Single by Blake Shelton featuring Trace Adkins

from the album Fully Loaded: God's Country
- Released: August 16, 2019
- Genre: Country rap
- Length: 3:27
- Label: Warner Bros. Nashville
- Songwriter(s): David Garcia; Brett Tyler; Michael Hardy;
- Producer(s): Scott Hendricks

Blake Shelton singles chronology
| "Dive Bar" (2019) | "Hell Right" (2019) | "Nobody but You" (2020) |

Trace Adkins singles chronology
| "Still a Soldier" (2017) | "Hell Right" (2019) | "This Old House" (2019) |

= Hell Right =

"Hell Right" is a song written by David Garcia, Brett Tyler and Michael Hardy, and recorded by American country music artist Blake Shelton, featuring guest vocals from fellow country artist Trace Adkins. It was released on August 16, 2019 as the second single from Shelton's compilation album Fully Loaded: God's Country.

==Background==

"Hell Right" was written by David Garcia, Brett Tyler, and Hardy, the latter of whom also co-wrote Shelton's previous single, "God's Country". The song was written on May 29, 2019, a few months after "God’s Country" was recorded. Shelton heard the song, and recorded and released it within a month and a half. According to Shelton, the song is about "taking things to the max," and that "you can raise hell or you can raise hell right". The song also takes a jab at Lil Nas X's hit song "Old Town Road" in the line, sung by Shelton, "then the girl from the small town took off the 'Old Town' and put on a little Hank Jr."

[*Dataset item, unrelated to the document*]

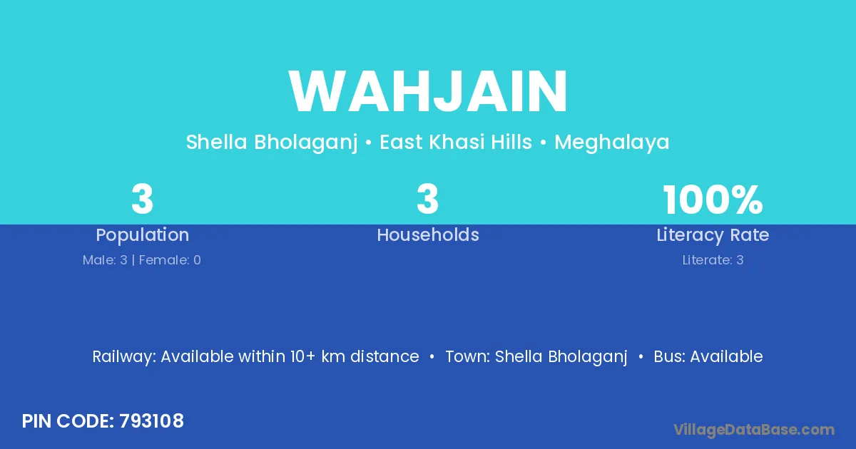 The literacy rate of Wahjain village is 100.00%. Male literacy stands at 100.00% and female literacy at 0%.

"Hell Right" marks the second time that Shelton and Adkins have collaborated on a single release, following 2009's "Hillbilly Bone", which was a Number One hit on the Billboard Hot Country Songs chart.

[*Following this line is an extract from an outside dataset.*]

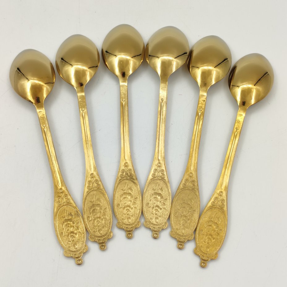 Набор из 6-ти чайных ложек, украшенных геометрическим декором, клеймо СМЗ, алюминий, золочение, СССР, 1970-1990 гг.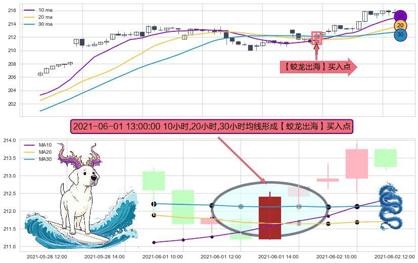 ⚀ 2021-06-01 13:00:00小时显现 10小时-20小时-30小时均线 【蛟龙出海】买入点 看多信号,后市看涨,买入

==Commercial performance==
"Hell Right" reached a peak of number 18 on the Billboard Country Airplay chart, becoming Shelton's lowest-peaking single and his first to miss the top 10 since 2007's "The More I Drink". It was Adkins' first Top 20 country single since "Just Fishin'" in 2011.

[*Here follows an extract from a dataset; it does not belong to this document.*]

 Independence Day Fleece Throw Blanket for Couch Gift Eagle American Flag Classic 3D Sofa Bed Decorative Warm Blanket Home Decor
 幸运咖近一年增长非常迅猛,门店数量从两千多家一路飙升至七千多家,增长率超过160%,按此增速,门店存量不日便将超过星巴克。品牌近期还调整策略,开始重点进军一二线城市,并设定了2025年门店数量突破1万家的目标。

It has sold 97,000 copies in the United States as of January 2020.
The song was certified gold by RIAA on February 27, 2020.

==Charts==

===Weekly charts===

Weekly chart performance for "Hell Right"
| Chart (2019–2020) | Peak position |
|---|---|
| Australia Country (The Music Network) | 27 |
| Canada Country (Billboard) | 36 |
| Canada Digital Song Sales (Billboard) | 19 |
| US Billboard Hot 100 | 99 |
| US Country Airplay (Billboard) | 18 |
| US Hot Country Songs (Billboard) | 14 |

===Year-end charts===

2019 year-end chart performance for "Hell Right"
| Chart (2019) | Position |
|---|---|
| US Hot Country Songs (Billboard) | 84 |

2020 year-end chart performance for "Hell Right"
| Chart (2020) | Position |
|---|---|
| US Hot Country Songs (Billboard) | 89 |

==Certifications==

| Region | Certification | Certified units/sales |
| Canada (Music Canada) | Gold | 40,000^{‡} |
| United States (RIAA) | Gold | 500,000^{‡} |
^{‡} Sales+streaming figures based on certification alone.